### Task prompt
Return all of the data exactly as written, without the pictures.

### Supplied information
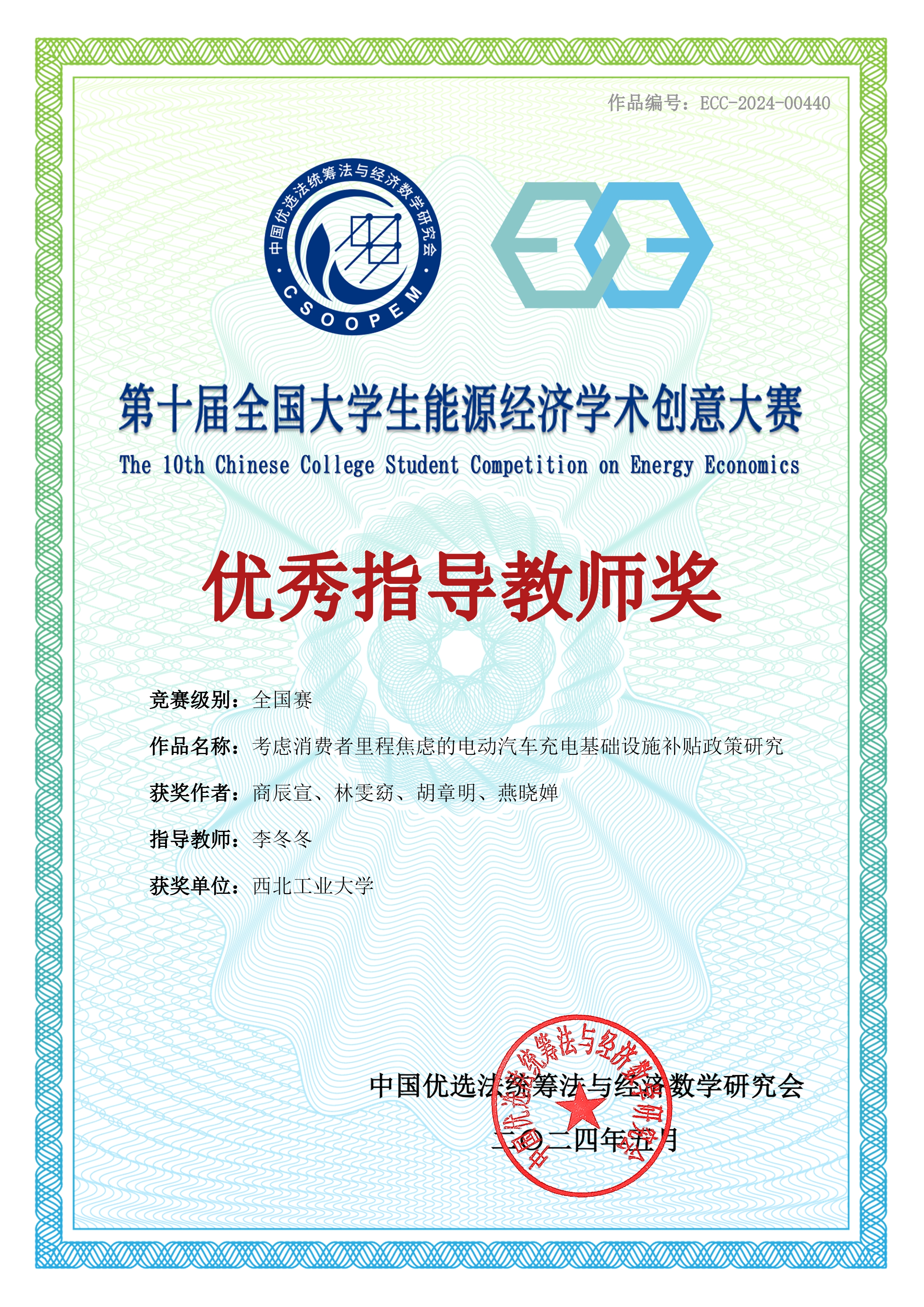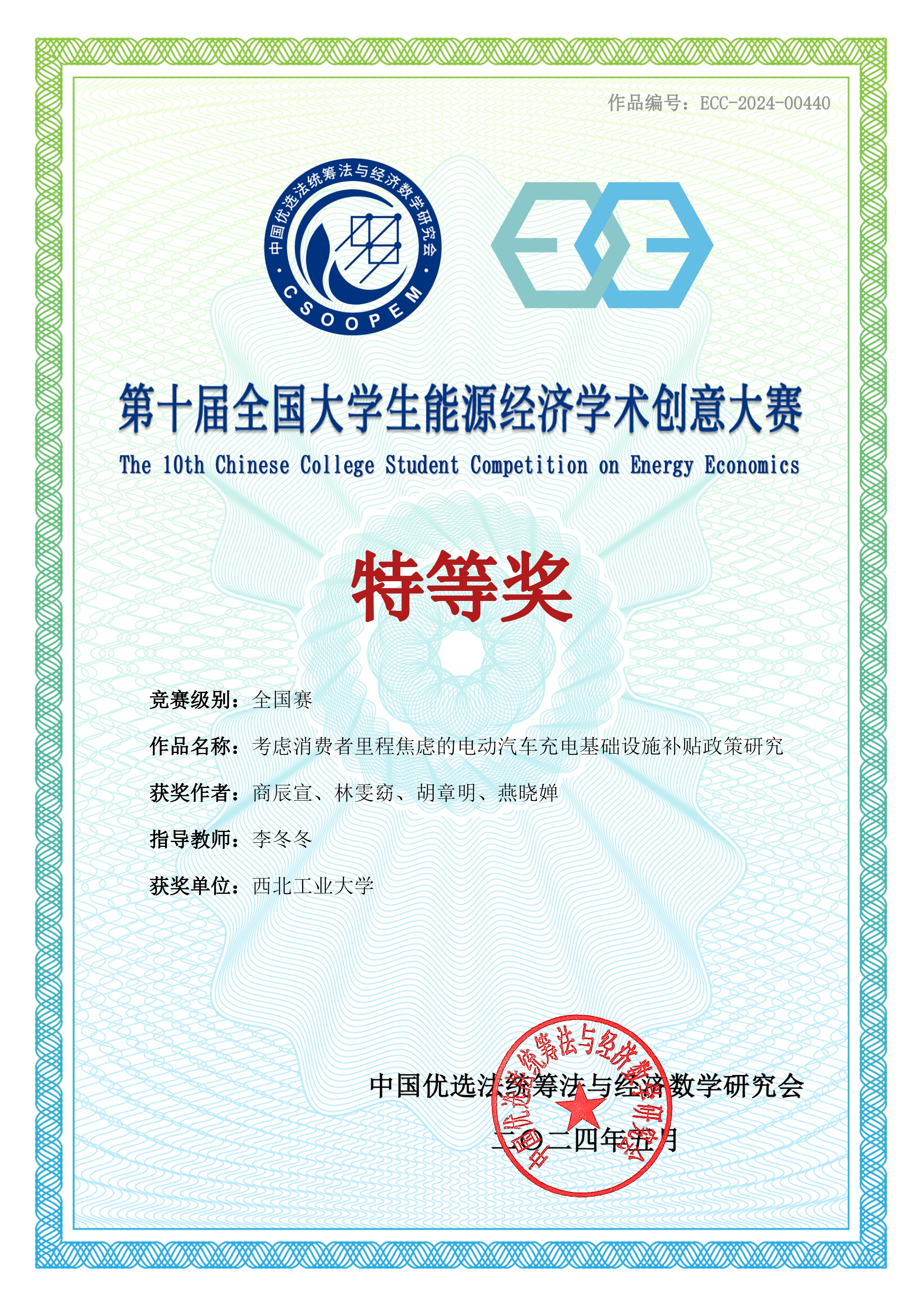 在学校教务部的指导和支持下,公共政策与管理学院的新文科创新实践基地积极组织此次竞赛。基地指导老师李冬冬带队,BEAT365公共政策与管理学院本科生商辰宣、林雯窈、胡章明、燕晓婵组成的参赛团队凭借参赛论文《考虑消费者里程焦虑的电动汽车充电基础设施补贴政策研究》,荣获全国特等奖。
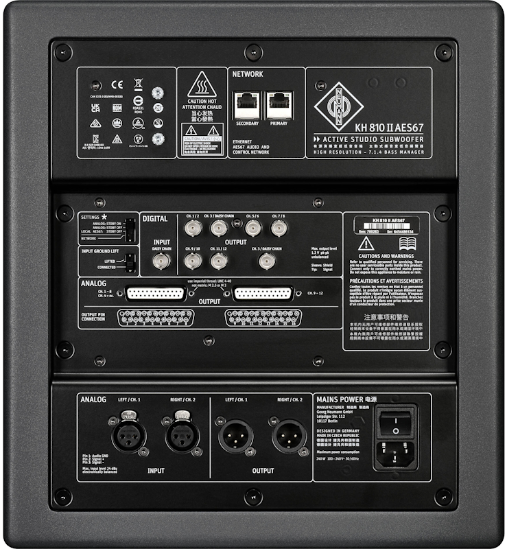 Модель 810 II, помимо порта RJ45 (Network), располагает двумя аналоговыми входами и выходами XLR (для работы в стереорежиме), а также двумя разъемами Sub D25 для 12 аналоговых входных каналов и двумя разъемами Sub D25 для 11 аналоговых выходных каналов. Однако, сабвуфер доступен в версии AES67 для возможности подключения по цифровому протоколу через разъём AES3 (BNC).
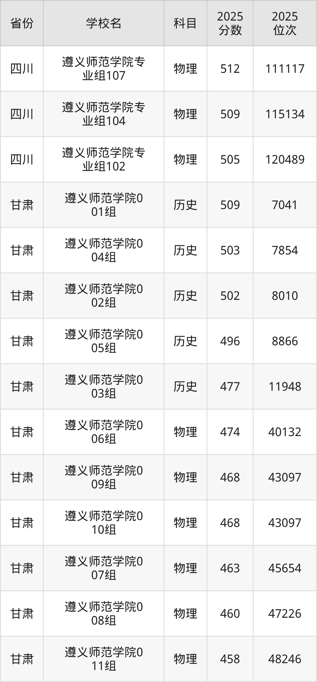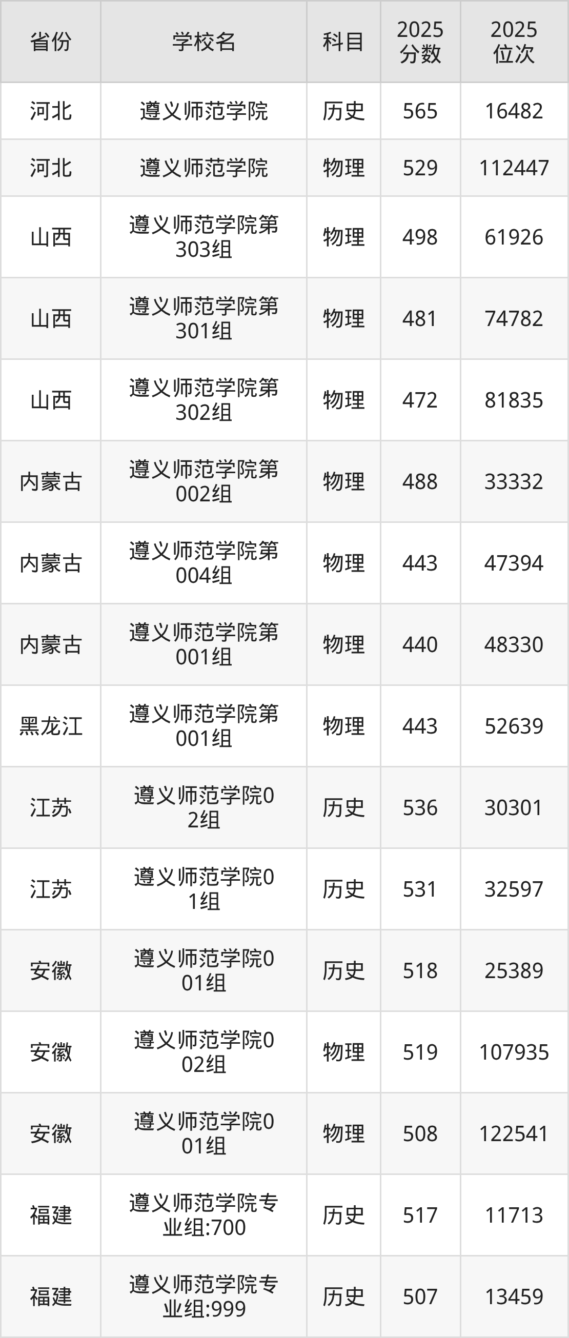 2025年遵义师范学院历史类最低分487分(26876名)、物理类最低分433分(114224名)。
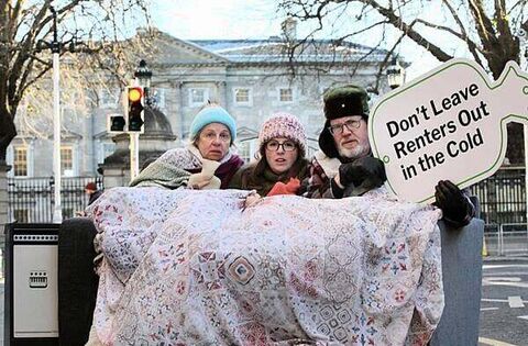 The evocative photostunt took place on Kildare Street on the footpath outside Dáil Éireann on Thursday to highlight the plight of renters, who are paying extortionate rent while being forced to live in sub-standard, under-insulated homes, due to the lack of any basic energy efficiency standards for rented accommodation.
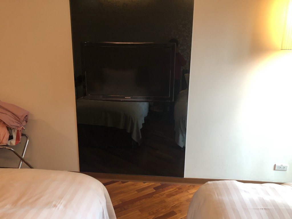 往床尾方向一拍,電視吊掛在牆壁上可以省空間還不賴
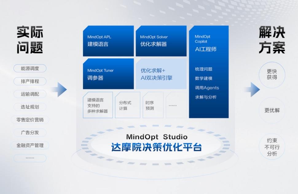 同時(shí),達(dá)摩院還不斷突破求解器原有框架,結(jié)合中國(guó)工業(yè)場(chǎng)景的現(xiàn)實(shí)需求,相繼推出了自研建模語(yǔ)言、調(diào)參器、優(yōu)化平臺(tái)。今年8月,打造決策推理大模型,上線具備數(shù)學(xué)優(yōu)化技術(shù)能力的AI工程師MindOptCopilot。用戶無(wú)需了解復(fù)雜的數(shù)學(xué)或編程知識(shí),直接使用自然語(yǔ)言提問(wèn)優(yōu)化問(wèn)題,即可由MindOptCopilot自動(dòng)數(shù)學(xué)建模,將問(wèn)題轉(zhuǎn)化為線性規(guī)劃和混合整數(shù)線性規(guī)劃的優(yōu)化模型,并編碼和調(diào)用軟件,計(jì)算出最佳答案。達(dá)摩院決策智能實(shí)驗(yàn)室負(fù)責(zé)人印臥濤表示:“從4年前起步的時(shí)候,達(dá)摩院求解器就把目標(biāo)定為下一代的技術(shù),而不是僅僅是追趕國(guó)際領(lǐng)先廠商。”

### Solution for this exercise
 在学校教务部的指导和支持下,公共政策与管理学院的新文科创新实践基地积极组织此次竞赛。基地指导老师李冬冬带队,BEAT365公共政策与管理学院本科生商辰宣、林雯窈、胡章明、燕晓婵组成的参赛团队凭借参赛论文《考虑消费者里程焦虑的电动汽车充电基础设施补贴政策研究》,荣获全国特等奖。
 Модель 810 II, помимо порта RJ45 (Network), располагает двумя аналоговыми входами и выходами XLR (для работы в стереорежиме), а также двумя разъемами Sub D25 для 12 аналоговых входных каналов и двумя разъемами Sub D25 для 11 аналоговых выходных каналов. Однако, сабвуфер доступен в версии AES67 для возможности подключения по цифровому протоколу через разъём AES3 (BNC).
 2025年遵义师范学院历史类最低分487分(26876名)、物理类最低分433分(114224名)。
 The evocative photostunt took place on Kildare Street on the footpath outside Dáil Éireann on Thursday to highlight the plight of renters, who are paying extortionate rent while being forced to live in sub-standard, under-insulated homes, due to the lack of any basic energy efficiency standards for rented accommodation.
 往床尾方向一拍,電視吊掛在牆壁上可以省空間還不賴
 同時(shí),達(dá)摩院還不斷突破求解器原有框架,結(jié)合中國(guó)工業(yè)場(chǎng)景的現(xiàn)實(shí)需求,相繼推出了自研建模語(yǔ)言、調(diào)參器、優(yōu)化平臺(tái)。今年8月,打造決策推理大模型,上線具備數(shù)學(xué)優(yōu)化技術(shù)能力的AI工程師MindOptCopilot。用戶無(wú)需了解復(fù)雜的數(shù)學(xué)或編程知識(shí),直接使用自然語(yǔ)言提問(wèn)優(yōu)化問(wèn)題,即可由MindOptCopilot自動(dòng)數(shù)學(xué)建模,將問(wèn)題轉(zhuǎn)化為線性規(guī)劃和混合整數(shù)線性規(guī)劃的優(yōu)化模型,并編碼和調(diào)用軟件,計(jì)算出最佳答案。達(dá)摩院決策智能實(shí)驗(yàn)室負(fù)責(zé)人印臥濤表示:“從4年前起步的時(shí)候,達(dá)摩院求解器就把目標(biāo)定為下一代的技術(shù),而不是僅僅是追趕國(guó)際領(lǐng)先廠商。”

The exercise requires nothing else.